En août, un membre de la SAG-AFTRA a publié un article important sur le WSWS, appelant à la formation de comités de base :

« Nous sommes à la croisée des chemins. Les travailleurs de tout le pays se soulèvent contre un système inhumain et criminel qui est constamment à la recherche de nouveaux moyens d’exploiter et de voler notre travail. Alors que les PDG pathologiquement avides sont incapables de produire quoi que ce soit par eux-mêmes, leur génie consiste à élaborer de nouvelles méthodes pour soutirer jusqu’à la dernière goutte aux travailleurs, au mépris de la dignité humaine et de la survie du climat.

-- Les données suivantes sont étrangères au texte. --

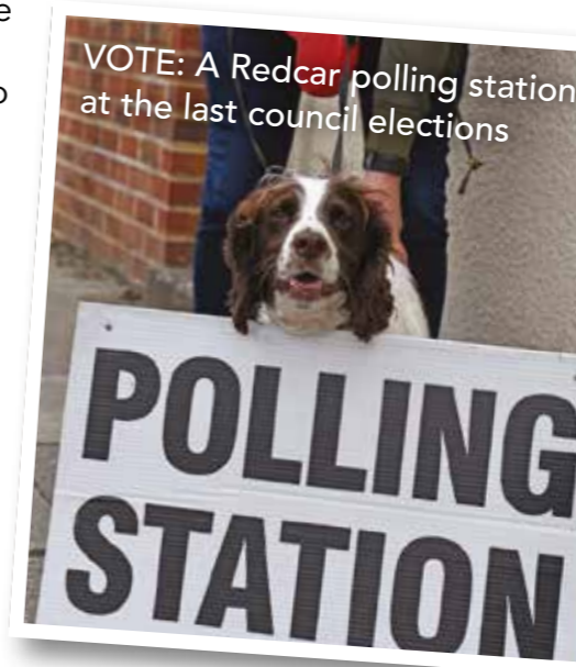
VOTE: A Redcar polling station at the last council elections

Employers must allow councillors to take a reasonable amount of time off to undertake their duties. Councillors are not paid a salary but instead receive an allowance for the duties they undertake. Training,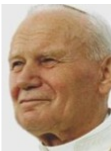
John Paul II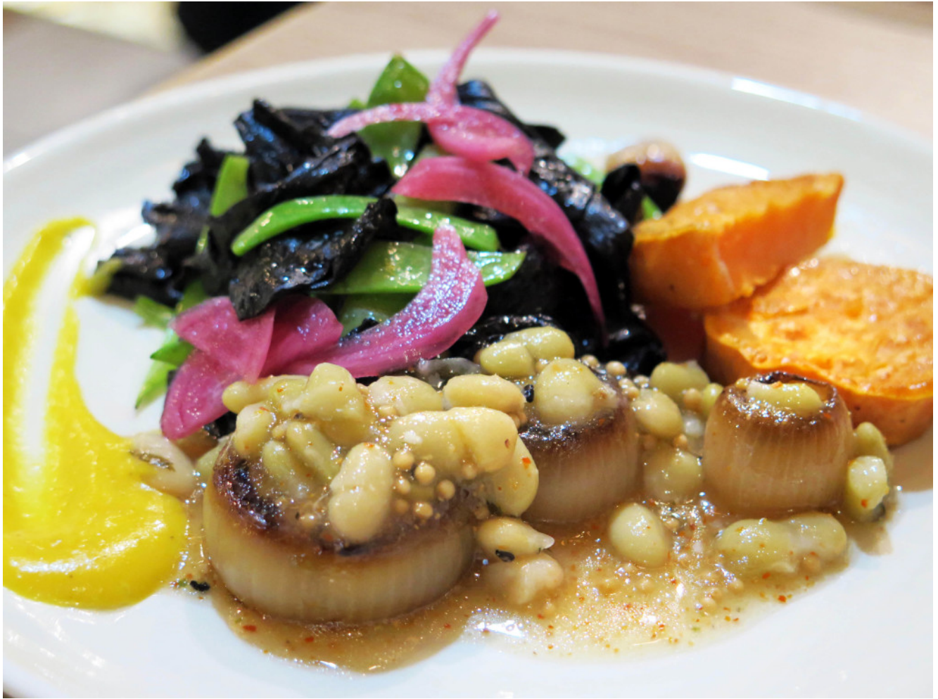
Black mushrooms with beans, squash and leek

Try their wine too, it's really good. We also noticed that every single table in the restaurant was sharing a bottle of red between them... such a beautiful sight.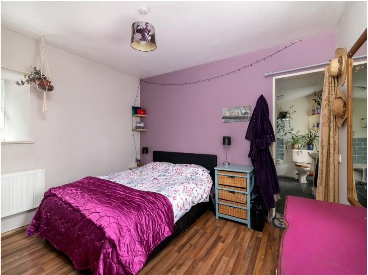
Residence On C. 1.16 Acres, Sheehaun (Morton), Curraghroe, F42 KR44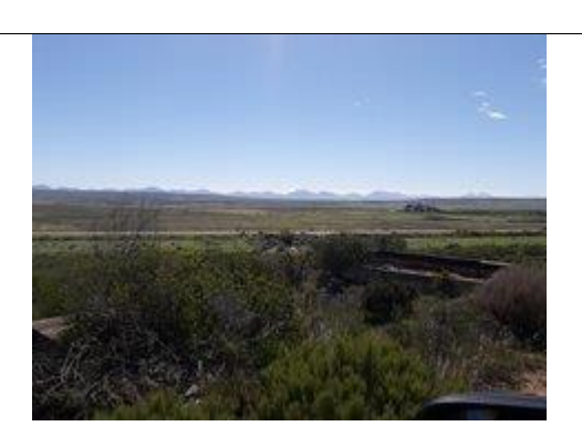
EXISTING STOCKPILES ON SITE – LANDOWNER STOCKPILES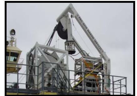
Cougar-XT LARS and TMS with Snubber Rotator

The snubber-rotator aligns the TMS for recovery by LARS.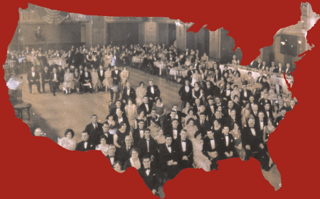
PHOTO EXHIBIT from Nov 3rd 2007 until Feb 3rd 2008 Ellis Island Museum, New York

120 panels tell the story of why, when, how and from where masses of Sicilians emigrated to the United States, as well as the story of their developing relationships in the New World.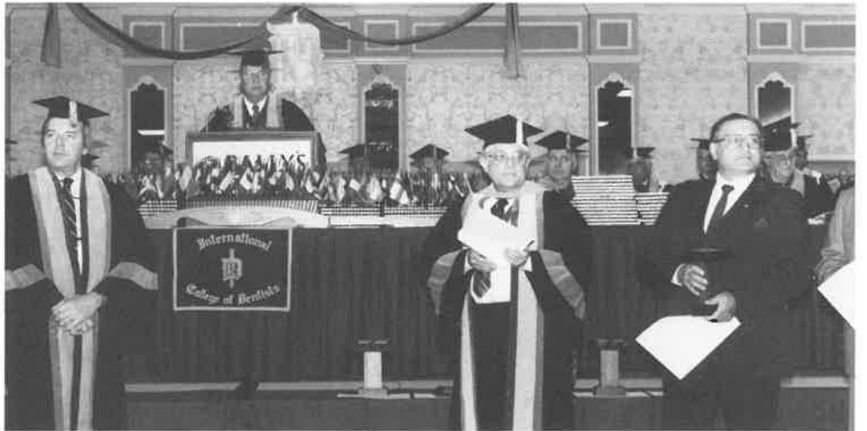
Journalism awards are interrupted by a recount.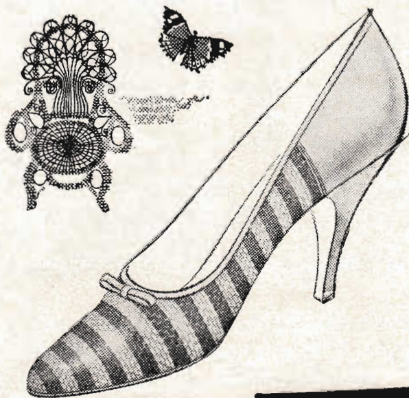
WEAVETTE I 69/11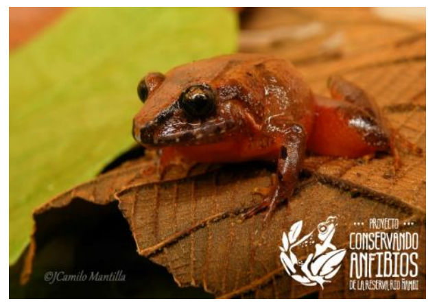
Figure 19 . Juvenil frog Hypodactylus babax (Anura: Craugastoridae).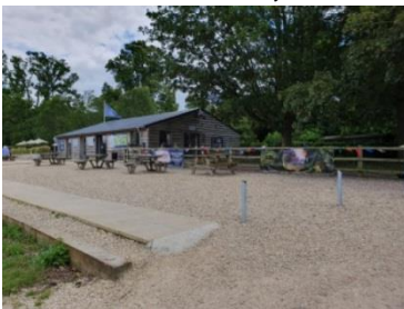
Sloped access from car park to Visitor Centre

« En tant que membre de SAG depuis trois décennies, j’ai vu que nous avons été forcés de travailler plus d’heures pour moins de salaire et encore moins d’avantages. Avec 98 % des membres du syndicat, j’ai voté en faveur d’une grève au printemps dernier. Nous ne pouvons pas continuer à travailler dans ces conditions, avec la menace toujours plus grande de l’IA qui se profile à l’horizon pour nous voler encore plus de travail. …

« Hollywood n’est pas différent des autres industries. Les gens au sommet coupent les coins ronds à tous les niveaux, exploitent leurs employés, les forcent à travailler dans des conditions inhumaines, tout en volant leur travail et en s’en vantant auprès des actionnaires. C’est le monde qu’ils qualifient de « réaliste », où leurs travailleurs sont forcés de considérer la possession d’une maison comme un luxe, les études supérieures comme un fardeau de dettes à vie, et les traitements médicaux vitaux comme un chemin vers la faillite. …

« La seule façon de lutter contre ces conglomérats internationaux qui possèdent tous les aspects de notre monde est de former des comités de base, de mobiliser les travailleurs de tous les secteurs de l’industrie et de faire connaître nos revendications. Ce n’est pas le moment de faire des concessions qui ne feront qu’entraîner notre propre disparition. Nous devons nous unir et mettre à genoux ces PDG pathologiquement avides.

« Il s’agit d’une lutte des classes. Nous devons commencer à agir en conséquence.